Annuii, poi soggiunsi: «Prima di tutto voglio dirle quanto
mi è dispiaciuto per Damien.»
Non avevo avuto modo di conoscere Damien Patchett più
a fondo di quanto conoscessi suo padre, e non ero andato al
suo funerale. I giornali erano stati discreti, ma tutti sapevano
com’era morto. Era stata la guerra, bisbigliavano alcuni. Si
era sparato soltanto sulla carta. In realtà a ucciderlo era stato
l’Iraq.
Il volto di Bennett si aggrinzì in una smorfia di dolore.
«Grazie. In un certo senso, come forse avrai intuito, è il motivo per cui sono qui. Mi sento quasi a disagio, a interpellarti
per questo. Con quello che fai, e in confronto agli assassini a
cui dai la caccia, quello che ho da offrirti potrebbe sembrare
molto banale.»
Ero tentato di parlargli delle attese davanti alle stanze dei
motel mentre i loro occupanti si davano al sesso clandestino, o delle ore trascorse in auto con una macchina fotografica
appoggiata sul cruscotto nella speranza che qualcuno si chinasse.
«A volte, le cose banali sono una piacevole novità.»
«Già» disse Patchett. «Ci credo.»
Spostò gli occhi sul giornale davanti a me e tradì un’altra
espressione sofferta. Sally Cleaver, pensai. Maledizione, avrei dovuto riporre il giornale prima del suo arrivo. Quando
era morta, Sally Cleaver lavorava al Downs Diner.
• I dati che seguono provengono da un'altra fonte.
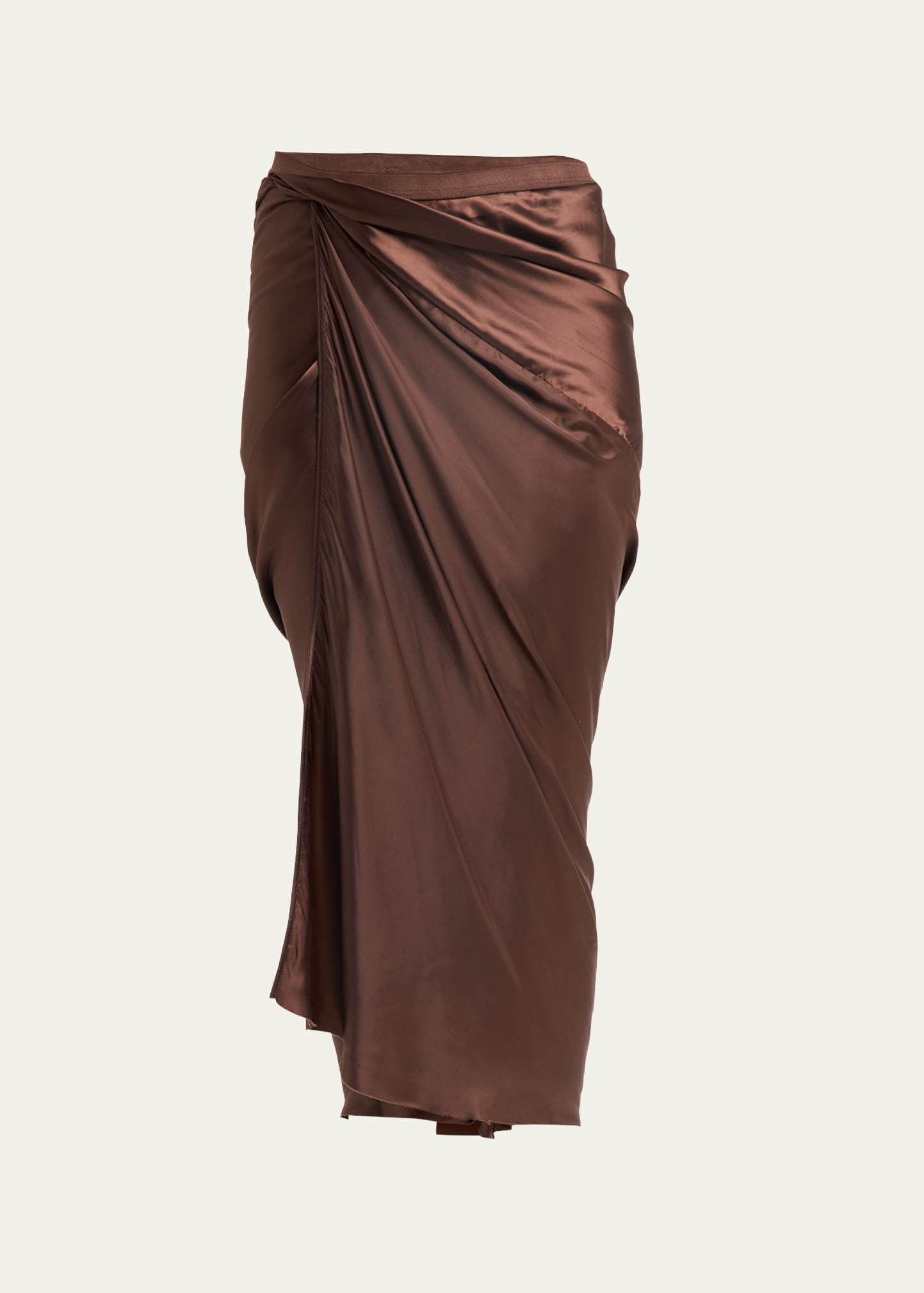 Rick Owens satin skirt with draped detail High waist Wrap silhouette Midi length Cupro Unlined Dry clean Made in Italy

Patchett bevve un sorso di caffè e per almeno tre minuti non aprì più bocca. Uomini come lui non arrivavano alla
vecchiaia in (quasi) perfetta salute agendo di fretta. Avevano
i tempi del Maine, e quelli che avevano a che fare con loro
facevano meglio a regolare gli orologi di conseguenza.
35
John Connolly
«C’è una ragazza che serve nel mio locale» disse finalmente. «Una brava ragazza. Forse ricordi sua madre, una certa
Katie Emory?»
Katie Emory aveva frequentato il liceo di Scarborough nei
miei stessi anni, anche se appartenevamo a cerchie diverse. Lei era il genere di ragazza a cui piacevano gli atleti, e a
me gli atleti e le ragazze che li frequentavano non dicevano
granché. Quando ero tornato a Scarborough da adolescente, dopo la morte di mio padre, in realtà non mi andava di
frequentare nessuno, e stavo sempre sulle mie. I ragazzi del
luogo facevano tutti parte di compagnie ormai formate da
tempo, e, anche se avessi voluto, era difficile penetrarvi. Alla fine mi ero fatto qualche amico, e in generale non troppi
nemici. Avevo presente Katie, ma dubitavo che lei si sarebbe
ricordata di me, in circostanze normali. Tuttavia nel corso
degli anni il mio nome era finito sui giornali, e forse lei, e altri
come lei, li avevano letti e avevano rammentato il tipo che
era arrivato a Scarborough per gli ultimi due anni di liceo,
portandosi dietro un codazzo di storie su un padre poliziotto che aveva ucciso due giovani prima di togliersi la vita.
«Come sta?»
«Abita da qualche parte sull’Airline.» L’Airline era il soprannome locale della Route 9 che collegava Brewer a Calais. «Terzo matrimonio. Un musicista.»
«Davvero? Non la conoscevo molto bene.»
«Buon per te. Potevi finirci tu, in quella casa.»
«È un’idea. Era una bella figliola.»
«Non è male neanche adesso, suppongo» disse Bennett.
«Un po’ più in carne di quanto potresti ricordare, ma non si
fatica a riconoscerla. Anche in sua figlia.»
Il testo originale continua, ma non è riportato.